Maybe use a waterbased cleaner and you can just mist and wipe off. E30's are bad enough for rust without hosing dirty water into places you can't dry out


----------



## Titanium Htail (Mar 24, 2012)

That misting is a great strategy just proceed with care, plenty of apc you can always have a second go later which will improve the overall look. 

John Tht.


----------



## mattsbmw (Jul 20, 2008)

dont use the pressure washer, just spray on some cleaner, brush in a gently rinse. If i remember rightly there is a fusebox over on the passenger side.

Matt


----------



## steveo3002 (Jan 30, 2006)

i jet wash my 80s vw's all the time 

cover up the ecu and dizzy you should be fine , dont point the jet directly into any elec bits

you can go around with airline or wd40 and blast the connectors afterwards if you want...only thing ive ever had is water in the dizzy cap and thats because i dont bother covering anything


----------



## JunglistJed (Oct 26, 2012)

Unfortunately didn't get the time i wanted and i wanted to test my hex logic pads out so i had a quick go.. first went over with some degreaser then went on with the apc and agitated it.. still have a lot of work to do but i think i can get it looking great again!


----------



## steveo3002 (Jan 30, 2006)

coming along nice...you might end up having to take some bits off to clean then better etc
maybe a respray on that aircleaner


----------



## JunglistJed (Oct 26, 2012)

Yeah the area behind the aircleaner was a struggle to clean, so tomorrow im gonna attempt to get in there.. and as for the aircleaner im looking for a nice replacement!

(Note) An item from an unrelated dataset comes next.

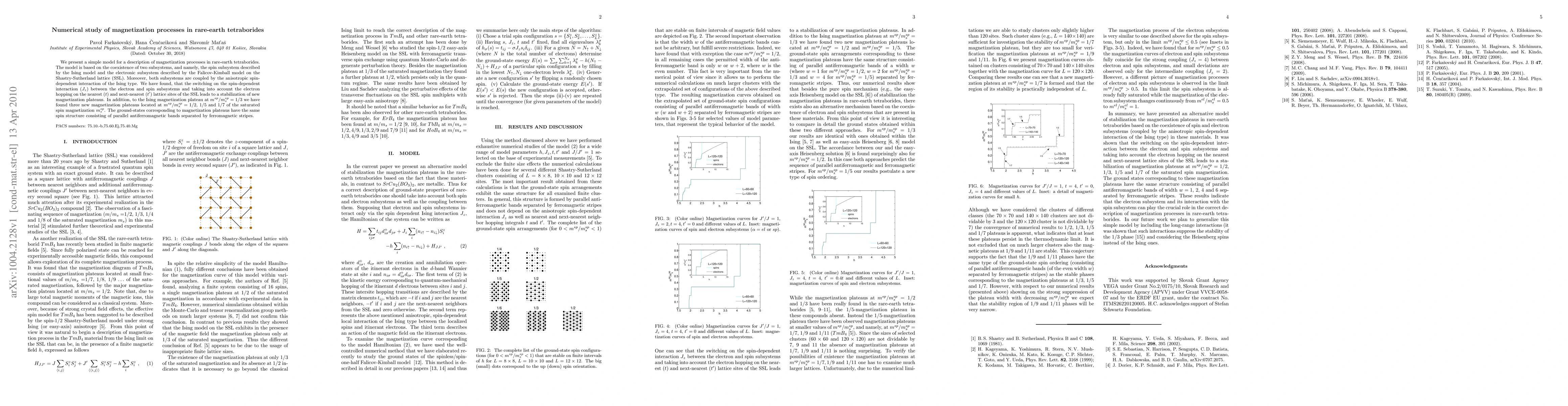 We present a simple model for a description of magnetization processes in rare-earth tetraborides. The model is based on the coexistence of two subsystems, and namely, the spin subsystem described by the Ising model and the electronic subsystem described by the Falicov-Kimball model on the Shastry-Sutherland lattice (SSL). Moreover, both subsystems are coupled by the anisotropic spin-dependent interaction of the Ising type. We have found, that the switching on the spin-dependent interaction ($J_z$) between the electron and spin subsystems and taking into account the electron hopping on the nearest ($t$) and next-nearest ($t'$) lattice sites of the SSL leads to a stabilization of new magnetization plateaus. In addition, to the Ising magnetization plateau at $m^{sp}/m_s^{sp}=1/3$ we have found three new magnetization plateaus located at $m^{sp}/m_s^{sp}=1/2$, 1/5 and 1/7 of the saturated spin magnetization $m_s^{sp}$. The ground-states corresponding to magnetization plateaus have the same spin structure consisting of parallel antiferromagnetic bands separated by ferromagnetic stripes.

The hood itself also needs a clean but the foam is so gone is crumbles as soon as you touch it.. going all over my clean engine bay -.-


----------



## Titanium Htail (Mar 24, 2012)

That does look better always a work in progress, love those rims.

John Tht.


----------



## JunglistJed (Oct 26, 2012)

It definitely does mate, wasn't too bothered about the engine bay before hand but now i want it looking immaculate!


----------